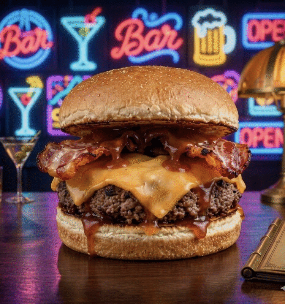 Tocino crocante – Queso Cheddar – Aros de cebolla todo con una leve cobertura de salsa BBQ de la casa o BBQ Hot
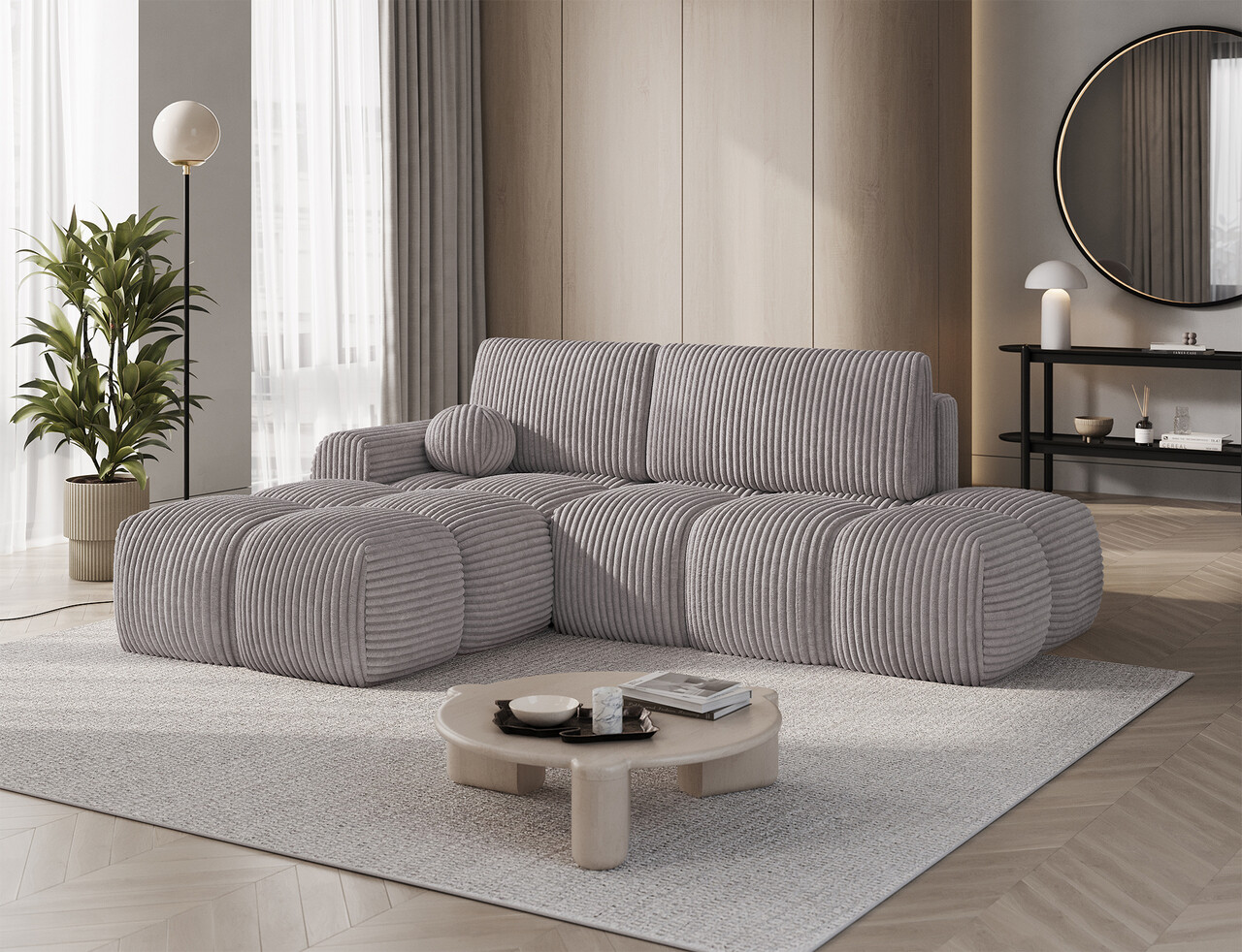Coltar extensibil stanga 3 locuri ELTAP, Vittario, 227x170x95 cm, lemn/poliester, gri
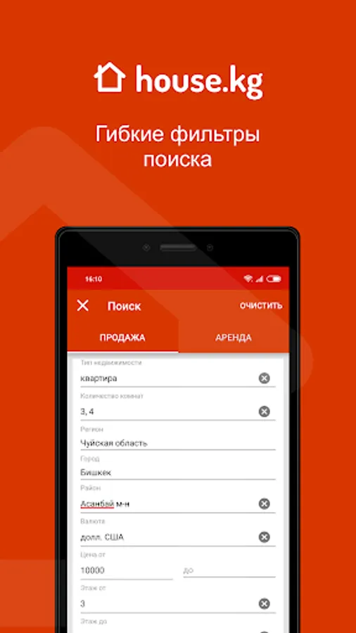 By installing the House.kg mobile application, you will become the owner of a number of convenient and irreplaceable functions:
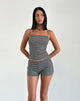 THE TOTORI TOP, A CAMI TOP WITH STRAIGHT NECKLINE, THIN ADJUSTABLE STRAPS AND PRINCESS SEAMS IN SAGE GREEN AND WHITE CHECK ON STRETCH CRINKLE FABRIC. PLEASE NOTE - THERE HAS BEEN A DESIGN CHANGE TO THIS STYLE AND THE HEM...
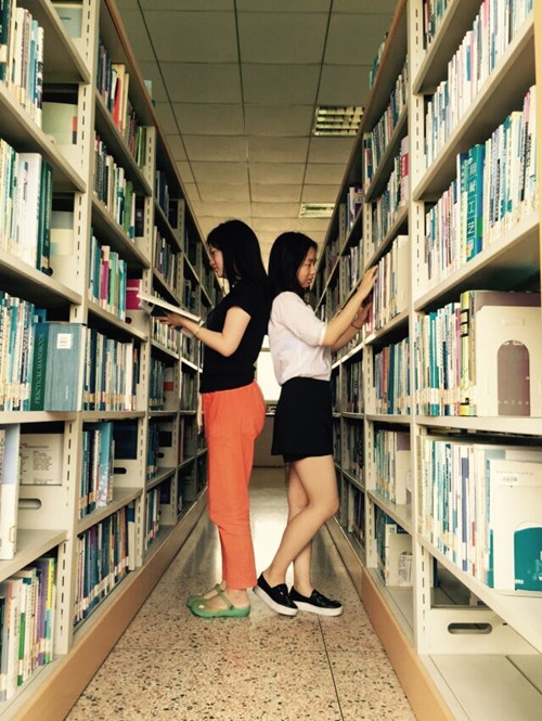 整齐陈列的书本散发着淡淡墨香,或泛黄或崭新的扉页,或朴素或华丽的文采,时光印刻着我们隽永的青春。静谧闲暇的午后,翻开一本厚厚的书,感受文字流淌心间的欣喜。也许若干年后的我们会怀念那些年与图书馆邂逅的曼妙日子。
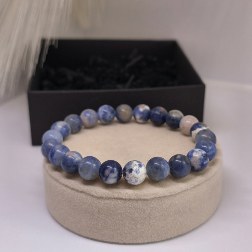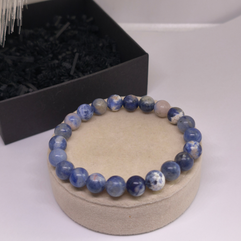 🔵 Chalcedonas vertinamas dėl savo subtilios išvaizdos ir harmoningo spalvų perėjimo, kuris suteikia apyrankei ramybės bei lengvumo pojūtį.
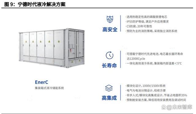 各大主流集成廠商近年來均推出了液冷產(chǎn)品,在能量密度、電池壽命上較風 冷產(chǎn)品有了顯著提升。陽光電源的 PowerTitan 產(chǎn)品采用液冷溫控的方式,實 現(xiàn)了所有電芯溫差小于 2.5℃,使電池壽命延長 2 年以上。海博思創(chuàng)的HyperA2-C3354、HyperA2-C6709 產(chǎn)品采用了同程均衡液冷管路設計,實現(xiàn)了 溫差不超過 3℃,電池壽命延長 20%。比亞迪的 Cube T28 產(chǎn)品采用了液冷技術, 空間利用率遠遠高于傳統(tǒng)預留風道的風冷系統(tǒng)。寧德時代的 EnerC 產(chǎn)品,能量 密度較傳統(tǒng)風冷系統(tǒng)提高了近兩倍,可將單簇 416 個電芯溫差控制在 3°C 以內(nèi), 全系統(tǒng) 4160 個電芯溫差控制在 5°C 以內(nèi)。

○ ○ ○

# Exercise goal:
Output nothing but the entries above, exactly, once the pictures are removed.

# Response to this exercise:
 Tocino crocante – Queso Cheddar – Aros de cebolla todo con una leve cobertura de salsa BBQ de la casa o BBQ Hot
Coltar extensibil stanga 3 locuri ELTAP, Vittario, 227x170x95 cm, lemn/poliester, gri
 By installing the House.kg mobile application, you will become the owner of a number of convenient and irreplaceable functions:
 THE TOTORI TOP, A CAMI TOP WITH STRAIGHT NECKLINE, THIN ADJUSTABLE STRAPS AND PRINCESS SEAMS IN SAGE GREEN AND WHITE CHECK ON STRETCH CRINKLE FABRIC. PLEASE NOTE - THERE HAS BEEN A DESIGN CHANGE TO THIS STYLE AND THE HEM...
 整齐陈列的书本散发着淡淡墨香,或泛黄或崭新的扉页,或朴素或华丽的文采,时光印刻着我们隽永的青春。静谧闲暇的午后,翻开一本厚厚的书,感受文字流淌心间的欣喜。也许若干年后的我们会怀念那些年与图书馆邂逅的曼妙日子。
 🔵 Chalcedonas vertinamas dėl savo subtilios išvaizdos ir harmoningo spalvų perėjimo, kuris suteikia apyrankei ramybės bei lengvumo pojūtį.
 各大主流集成廠商近年來均推出了液冷產(chǎn)品,在能量密度、電池壽命上較風 冷產(chǎn)品有了顯著提升。陽光電源的 PowerTitan 產(chǎn)品采用液冷溫控的方式,實 現(xiàn)了所有電芯溫差小于 2.5℃,使電池壽命延長 2 年以上。海博思創(chuàng)的HyperA2-C3354、HyperA2-C6709 產(chǎn)品采用了同程均衡液冷管路設計,實現(xiàn)了 溫差不超過 3℃,電池壽命延長 20%。比亞迪的 Cube T28 產(chǎn)品采用了液冷技術, 空間利用率遠遠高于傳統(tǒng)預留風道的風冷系統(tǒng)。寧德時代的 EnerC 產(chǎn)品,能量 密度較傳統(tǒng)風冷系統(tǒng)提高了近兩倍,可將單簇 416 個電芯溫差控制在 3°C 以內(nèi), 全系統(tǒng) 4160 個電芯溫差控制在 5°C 以內(nèi)。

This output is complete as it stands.